Use a FHIR (Fast Healthcare Interoperability Resources) server or an OMOP Common Data Model (CDM) to pull standardized records. Python libraries such as fhirclient or ohdsi-analytics simplify this step.

2.2. scRNA-Seq Retrieval

Obtain raw FASTQ files or processed count matrices from sequencing centers or repositories like ArrayExpress. Convert to an AnnData object using scanpy for consistent downstream analysis.

2.3. Harmonize Identifiers

Link samples to patients via a secure mapping table that maps sequencing batch IDs to de-identified EHR patient IDs. Store the mapping in an encrypted SQLite database accessible to the pipeline.

3. Build the Integration Core with Python

3.1. Data Ingestion Layer

import pandas as pd
import scanpy as sc
from fhirclient import client

# Load EHR cohort
ehr_df = pd.read_sql_query("SELECT * FROM patients WHERE cohort='oncology'", con=conn)

# Load scRNA-Seq
adata = sc.read_h5ad("patient_scRNA.h5ad")

3.2. Feature Alignment

Map EHR phenotypes (e.g., Charlson score) to scRNA-Seq derived metrics (e.g., cell-type proportions). Use pyarrow for efficient in-memory joins.

3.3. Data Quality Checks

Drop cells with n_genes < 200 or percent.mt > 5%.
Impute missing EHR fields with median or model-based imputation.
Validate temporal consistency: ensure no scRNA-Seq sample predates the first clinical encounter.

3.4. Modeling and Analysis

Implement integrative models such as Multi-Omics Factor Analysis (MOFA+) or joint embeddings using scVI. Train the model inside a Docker container to guarantee reproducibility.

# Example scVI training script
import scvi
scvi.data.setup_anndata(adata, labels='cell_type')
model = scvi.model.SCVI(adata)
model.train(max_epochs=200)
latent = model.get_latent_representation()

4. Containerize the Pipeline with Docker

4.1. Dockerfile Blueprint

FROM python:3.11-slim

# Install system dependencies
RUN apt-get update && apt-get install -y build-essential libpq-dev

# Create working directory
WORKDIR /app

# Copy requirements
COPY requirements.txt .

# Install Python packages
RUN pip install --no-cache-dir -r requirements.txt

# Copy source code
COPY . .

# Define entrypoint
ENTRYPOINT ["python", "run_pipeline.py"]

4.2. Multi-Stage Build for Size Optimization

Use a build stage to compile heavy libraries (e.g., scanpy with numpy) and a runtime stage that strips development tools. This reduces the final image to under 500 MB.

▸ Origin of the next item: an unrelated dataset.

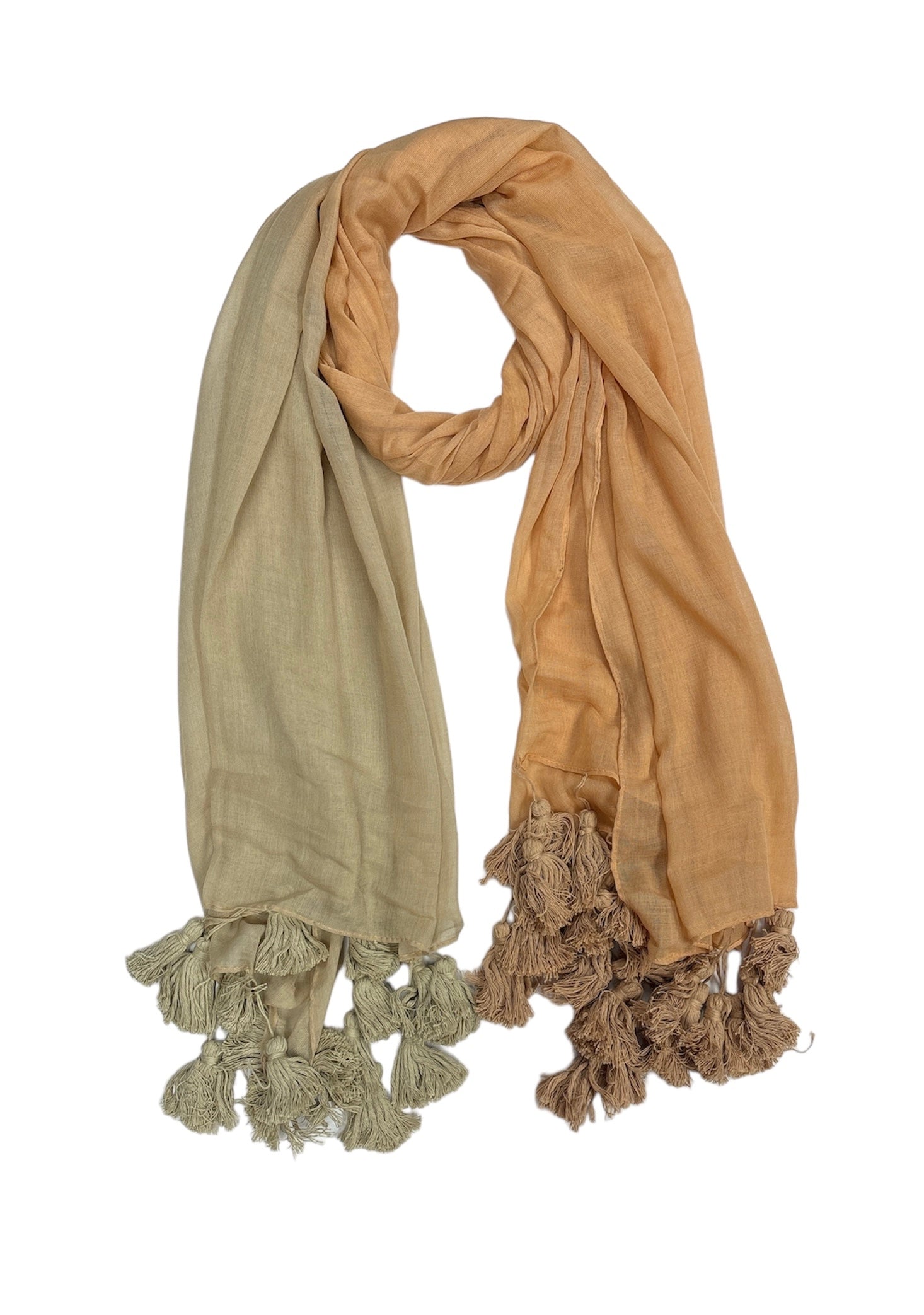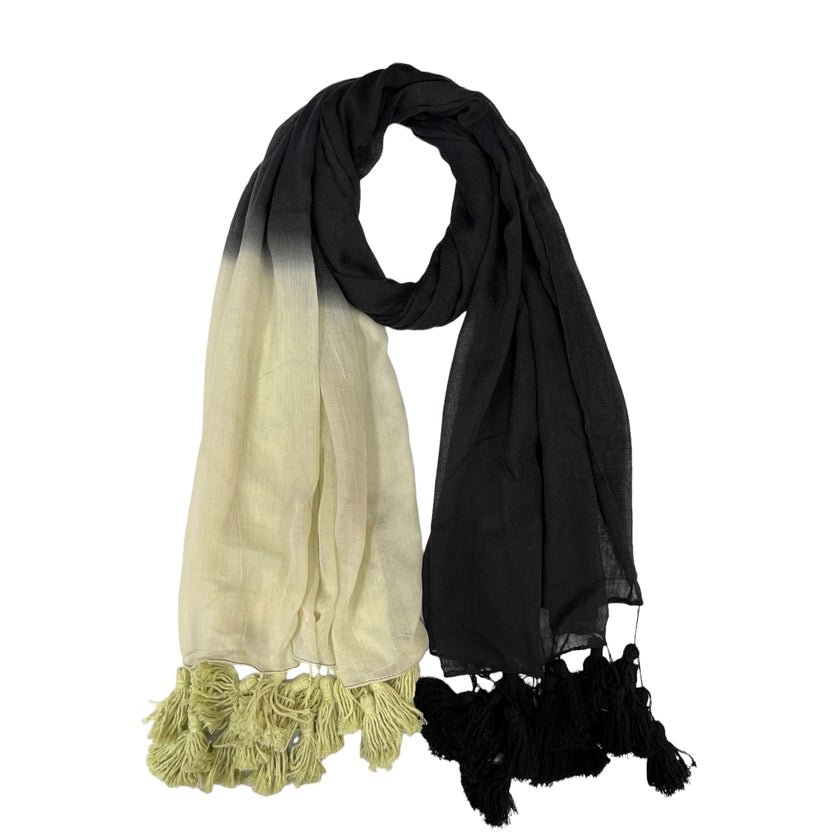High quality large plain scarf finished with tassels , two tone ombre colour, hand dye.

4.3. Docker Compose for Orchestration

version: '3.8'
services:
  pipeline:
    build: .
    volumes:
      - ./data:/app/data
    environment:
      - DATABASE_URL=postgres://user:pass@db:5432/oncology
  db:
    image: postgres:15
    environment:
      POSTGRES_PASSWORD: pass
    volumes:
      - db-data:/var/lib/postgresql/data
volumes:
  db-data:

5. Automate Execution with CI/CD and Scheduler

5.1. CI/CD with GitHub Actions

Set up a workflow that triggers on pushes to the main branch, builds the Docker image, runs unit tests, and pushes the image to a container registry.

5.2. Scheduler for Data Ingestion

Use cron or Airflow to schedule nightly runs that pull fresh EHR updates and new sequencing data, then re-execute the pipeline.

6. Governance, Compliance, and Reproducibility

6.1. Audit Trails

Store container logs, pipeline timestamps, and dataset hashes in a separate audit table. This supports reproducibility and audit compliance.

6.2. Data Provenance with W3C PROV

Embed provenance metadata into the final dataset using prov-python so that each record references its source files and processing steps.

6.3. Container Signing

Sign Docker images with Docker Content Trust to ensure that only authorized, untampered images are deployed in production environments.

7. Extending the Pipeline for Real-Time Clinical Decision Support

Integrate the model output into an EHR-based dashboard using FastAPI and a lightweight React front end. The API can expose risk scores and suggested biomarkers, enabling oncologists to access multi-omic insights at the point of care.

Conclusion

By systematically aligning single-cell transcriptomics with patient-level EHR data, and encapsulating the workflow in Docker containers orchestrated by automated pipelines, researchers can rapidly generate reproducible, clinically relevant insights. This modular approach ensures scalability, compliance, and the flexibility to incorporate emerging data types—paving the way for truly integrated precision oncology in 2026 and beyond.